Bernstein Hans C, McClure Ryan S, Thiel Vera, Sadler Natalie C, Kim Young-Mo, Chrisler William B, Hill Eric A, Bryant Donald A, Romine Margaret F, Jansson Janet K, Fredrickson Jim K, Beliaev Alexander S
Biological Sciences Division, Pacific Northwest National Laboratory, Richland, Washington, USA; The Gene and Linda Voiland School of Chemical Engineering and Bioengineering, Washington State University, Pullman, Washington, USA.

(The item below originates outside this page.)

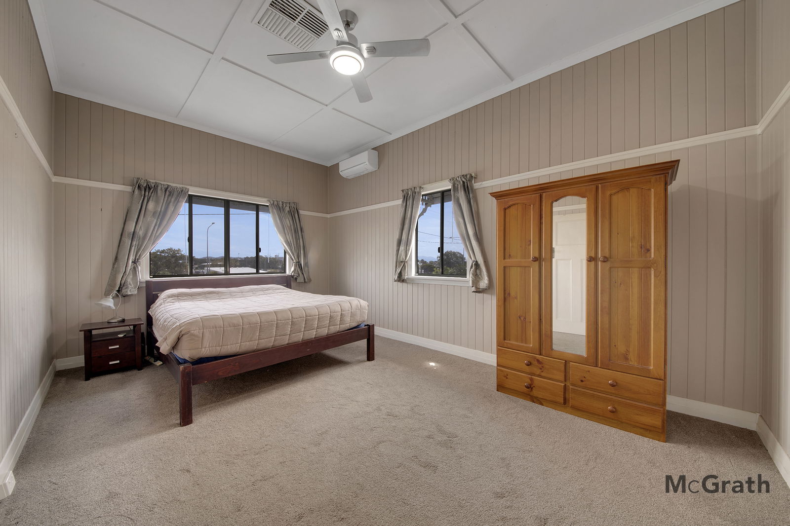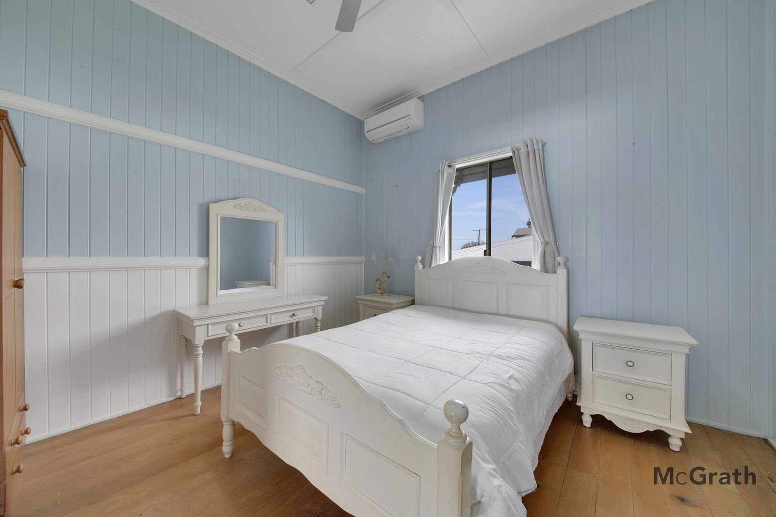 Two spacious bedrooms upstairs with stunning hardwood timber floors and air-conditioning.

Biological Sciences Division, Pacific Northwest National Laboratory, Richland, Washington, USA.
mSystems. 2017 Mar 7;2(2). doi: 10.1128/mSystems.00181-16. eCollection 2017 Mar-Apr.
The mechanisms by which microbes interact in communities remain poorly understood. Here, we interrogated specific interactions between photoautotrophic and heterotrophic members of a model consortium to infer mechanisms that mediate metabolic coupling and acclimation to partnership. This binary consortium was composed of a cyanobacterium, BP-1, which supported growth of an obligate aerobic heterotroph, strain A, by providing organic carbon, O, and reduced nitrogen. Species-resolved transcriptomic analyses were used in combination with growth and photosynthesis kinetics to infer interactions and the environmental context under which they occur. We found that the efficiency of biomass production and resistance to stress induced by high levels of dissolved O increased, beyond axenic performance, as a result of heterotrophic partnership. Coordinated transcriptional responses transcending both species were observed and used to infer specific interactions resulting from the synthesis and exchange of resources. The cyanobacterium responded to heterotrophic partnership by altering expression of core genes involved with photosynthesis, carbon uptake/fixation, vitamin synthesis, and scavenging of reactive oxygen species (ROS). This study elucidates how a cyanobacterial primary producer acclimates to heterotrophic partnership by modulating the expression levels of key metabolic genes. Heterotrophic bacteria can indirectly regulate the physiology of the photoautotrophic primary producers, resulting in physiological changes identified here, such as increased intracellular ROS. Some of the interactions inferred from this model system represent putative principles of metabolic coupling in phototrophic-heterotrophic partnerships.
微生物在群落中相互作用的机制仍知之甚少。在此,我们研究了一个模型聚生体中光合自养和异养成员之间的特定相互作用,以推断介导代谢耦合和适应共生关系的机制。这个二元聚生体由蓝细菌BP-1组成,它通过提供有机碳、氧气和还原态氮来支持专性好氧异养菌菌株A的生长。物种分辨转录组分析与生长和光合作用动力学相结合,以推断相互作用以及它们发生的环境背景。我们发现,由于异养共生关系,生物量生产效率和对高溶解氧诱导的胁迫的抗性提高,超过了纯培养性能。观察到跨越两个物种的协调转录反应,并用于推断由资源合成和交换产生的特定相互作用。蓝细菌通过改变参与光合作用、碳吸收/固定、维生素合成和活性氧(ROS)清除的核心基因的表达来响应异养共生关系。这项研究阐明了蓝细菌初级生产者如何通过调节关键代谢基因的表达水平来适应异养共生关系。异养细菌可以间接调节光合自养初级生产者的生理,导致此处确定的生理变化,如细胞内ROS增加。从这个模型系统推断出的一些相互作用代表了光养-异养共生关系中代谢耦合的推定原则。